*** Input for this task Section Begins ***

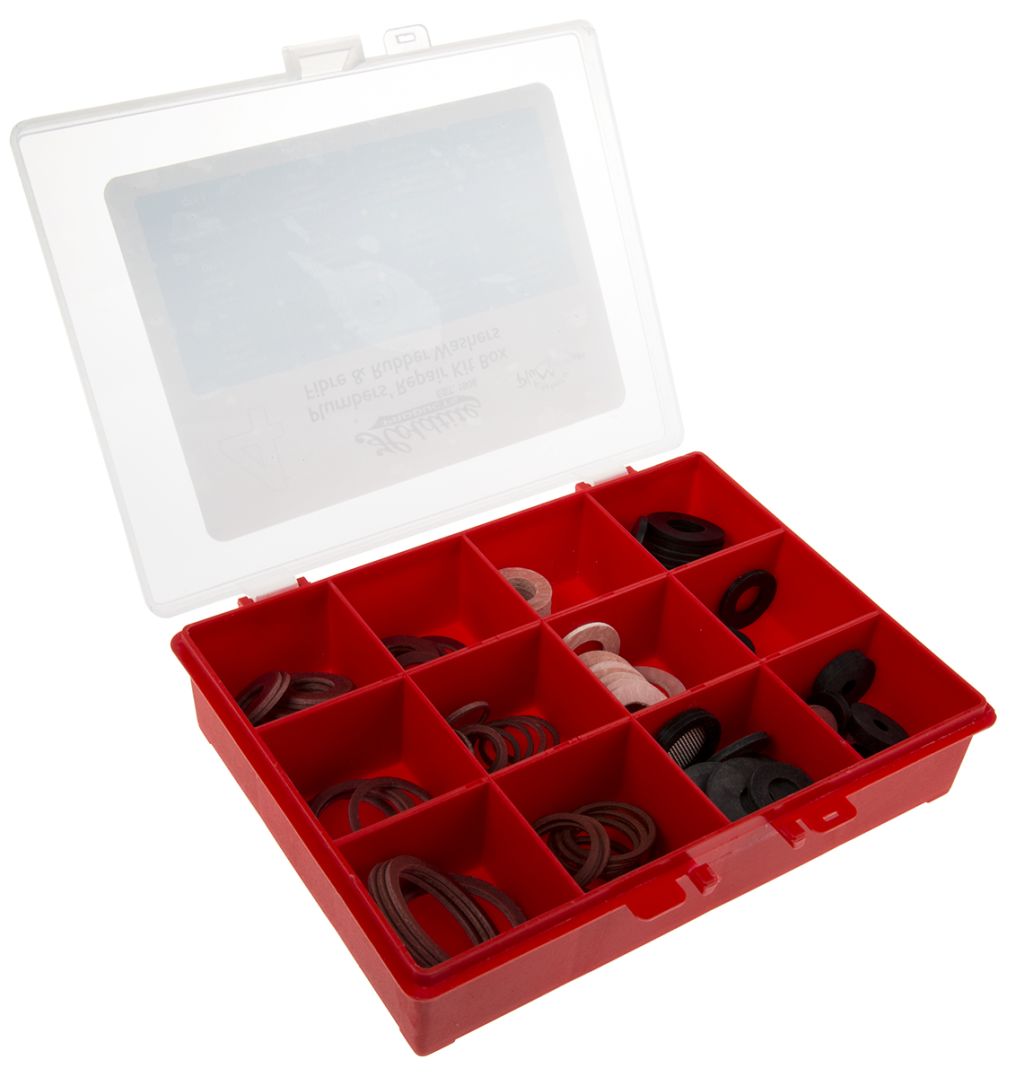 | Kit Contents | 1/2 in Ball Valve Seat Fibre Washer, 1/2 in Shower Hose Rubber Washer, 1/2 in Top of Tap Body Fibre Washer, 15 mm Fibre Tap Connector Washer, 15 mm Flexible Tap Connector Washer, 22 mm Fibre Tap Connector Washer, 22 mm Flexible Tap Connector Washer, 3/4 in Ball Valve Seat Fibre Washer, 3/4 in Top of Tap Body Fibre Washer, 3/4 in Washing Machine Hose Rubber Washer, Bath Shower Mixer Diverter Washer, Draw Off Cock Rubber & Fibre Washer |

*** Input for this task Section Ends ***
*** Input for this task Section Begins ***

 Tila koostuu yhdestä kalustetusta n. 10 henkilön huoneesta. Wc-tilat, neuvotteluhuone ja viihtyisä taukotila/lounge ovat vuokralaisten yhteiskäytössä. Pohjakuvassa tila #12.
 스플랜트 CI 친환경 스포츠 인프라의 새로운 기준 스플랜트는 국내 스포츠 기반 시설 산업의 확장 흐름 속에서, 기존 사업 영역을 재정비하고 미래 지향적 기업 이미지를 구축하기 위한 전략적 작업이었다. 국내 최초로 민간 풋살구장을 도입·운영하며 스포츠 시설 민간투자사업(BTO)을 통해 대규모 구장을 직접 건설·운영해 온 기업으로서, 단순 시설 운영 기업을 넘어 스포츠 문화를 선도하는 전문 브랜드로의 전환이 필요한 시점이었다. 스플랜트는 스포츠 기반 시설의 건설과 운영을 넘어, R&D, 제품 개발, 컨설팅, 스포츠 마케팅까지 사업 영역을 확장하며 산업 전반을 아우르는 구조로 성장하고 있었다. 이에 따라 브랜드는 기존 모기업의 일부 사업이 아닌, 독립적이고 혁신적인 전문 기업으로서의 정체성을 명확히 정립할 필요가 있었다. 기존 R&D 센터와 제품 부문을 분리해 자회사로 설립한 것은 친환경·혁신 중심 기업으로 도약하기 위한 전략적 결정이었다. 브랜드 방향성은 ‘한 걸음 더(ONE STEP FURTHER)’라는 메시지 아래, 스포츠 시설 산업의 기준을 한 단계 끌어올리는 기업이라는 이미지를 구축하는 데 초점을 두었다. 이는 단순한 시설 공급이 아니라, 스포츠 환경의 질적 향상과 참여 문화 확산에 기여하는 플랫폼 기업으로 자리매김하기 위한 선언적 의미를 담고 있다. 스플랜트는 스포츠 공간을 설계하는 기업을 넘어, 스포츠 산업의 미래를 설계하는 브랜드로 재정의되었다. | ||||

*** Input for this task Section Ends ***

### [Work instructions]
Please reproduce the lines from the line with "Tila koostuu yhdestä" to the line with "스플랜트 CI 친환경", both ends included, exactly as they appear above.

### [Answer to this exercise]
 Tila koostuu yhdestä kalustetusta n. 10 henkilön huoneesta. Wc-tilat, neuvotteluhuone ja viihtyisä taukotila/lounge ovat vuokralaisten yhteiskäytössä. Pohjakuvassa tila #12.
 스플랜트 CI 친환경 스포츠 인프라의 새로운 기준 스플랜트는 국내 스포츠 기반 시설 산업의 확장 흐름 속에서, 기존 사업 영역을 재정비하고 미래 지향적 기업 이미지를 구축하기 위한 전략적 작업이었다. 국내 최초로 민간 풋살구장을 도입·운영하며 스포츠 시설 민간투자사업(BTO)을 통해 대규모 구장을 직접 건설·운영해 온 기업으로서, 단순 시설 운영 기업을 넘어 스포츠 문화를 선도하는 전문 브랜드로의 전환이 필요한 시점이었다. 스플랜트는 스포츠 기반 시설의 건설과 운영을 넘어, R&D, 제품 개발, 컨설팅, 스포츠 마케팅까지 사업 영역을 확장하며 산업 전반을 아우르는 구조로 성장하고 있었다. 이에 따라 브랜드는 기존 모기업의 일부 사업이 아닌, 독립적이고 혁신적인 전문 기업으로서의 정체성을 명확히 정립할 필요가 있었다. 기존 R&D 센터와 제품 부문을 분리해 자회사로 설립한 것은 친환경·혁신 중심 기업으로 도약하기 위한 전략적 결정이었다. 브랜드 방향성은 ‘한 걸음 더(ONE STEP FURTHER)’라는 메시지 아래, 스포츠 시설 산업의 기준을 한 단계 끌어올리는 기업이라는 이미지를 구축하는 데 초점을 두었다. 이는 단순한 시설 공급이 아니라, 스포츠 환경의 질적 향상과 참여 문화 확산에 기여하는 플랫폼 기업으로 자리매김하기 위한 선언적 의미를 담고 있다. 스플랜트는 스포츠 공간을 설계하는 기업을 넘어, 스포츠 산업의 미래를 설계하는 브랜드로 재정의되었다. | ||||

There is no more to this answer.